Oh, yeah – one more tiny detail.

Literally tiny: Florida dogs came with a resistant strain of hookworms. Treatment existed, but it usually took up to SIX MONTHS to clear them! I still wasn’t too daunted – I knew how to handle hookworms (er, NOT to handle them being the first step).

We set the date to pick her up (she still needed to be spayed and vaccinated). Then came the heavy conversation on the drive home: what to rename her. “June” was a terrible name. Neither of us liked the idea of standing outside and shouting for a 80-year-old grandmother. (No offense if your grandmother is named June)

There was a problem, though.

She was two-years-old. So we couldn’t completely change a name she was used to. That meant the new name needed to SOUND like her current name. After discarding the most obvious (Junebug, Juno), Juniper popped out. We’d be bringing her home just before Christmas, Juniper is an herb of protection (and while we didn’t expect that from her, we wanted it FOR her) – it was meant to be.

Juniper came home, and two out of three of her new siblings were NOT impressed. Firefly didn’t mind too much – until she barked at him, then he was having NONE of it. In fact, it took him MONTHS to forgive her. Tonks engaged in “scouting” missions, sneaking up under blankets and around furniture to spy on this new intruder. Squeak, oddly enough, accepted her right off the bat. He meeped a “hello,” butted her head, and decided she was family and belonged.

Of course, Tonks appropriated Juniper’s beds from the start. There is nothing funnier than watching a 70-pound dog avoid her bed because a tiny 7-pound kitten is parked in the middle of it. To this day, Juniper will surrender one of her beds if Tonks decides to sleep in it. The original animosity has dissipated, though, and all four of them get along. Tonks and Juniper will even play together, and they curl up in the same sunbeams.

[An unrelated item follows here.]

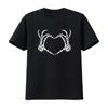 Womens T Shirt Skeleton Hands Love Heart Sign Bones Costume Funny Halloween Casual Tops Black X Large vintage Washed Stretched

Typical Juniper sleeping pattern.

It took Juniper’s personality months to surface. While she had toys available from the beginning, she didn’t start to play until about three months with us passed. Now she plays with her toys on her own. She still hasn’t figured out fetch, but she does get chase. She partakes in about four laps of “zoomies” around the yard once a day, and the rest of her time is devoted to napping – usually with most of her body OFF the bed.

With the exception of her trademark backend bald patches, the remainder of her hair has regrown BEAUTIFULLY. We have no idea where she learned it (it’s not a Greyhound trait), but she barks at the doorbell (and the Netflix tone). Of course, she then runs to the other end of the house, so she’s not the most efficient guard dog. She’s still shy around strangers, but once she learns she gets pets, she warms up. She’s come a long way from the terrified girl we saw at the rescue.

And she makes our little family complete. The cats think of her as that “really big cat who goes outside.” She sees the cats as “the little cats with the little toys.” It works perfectly.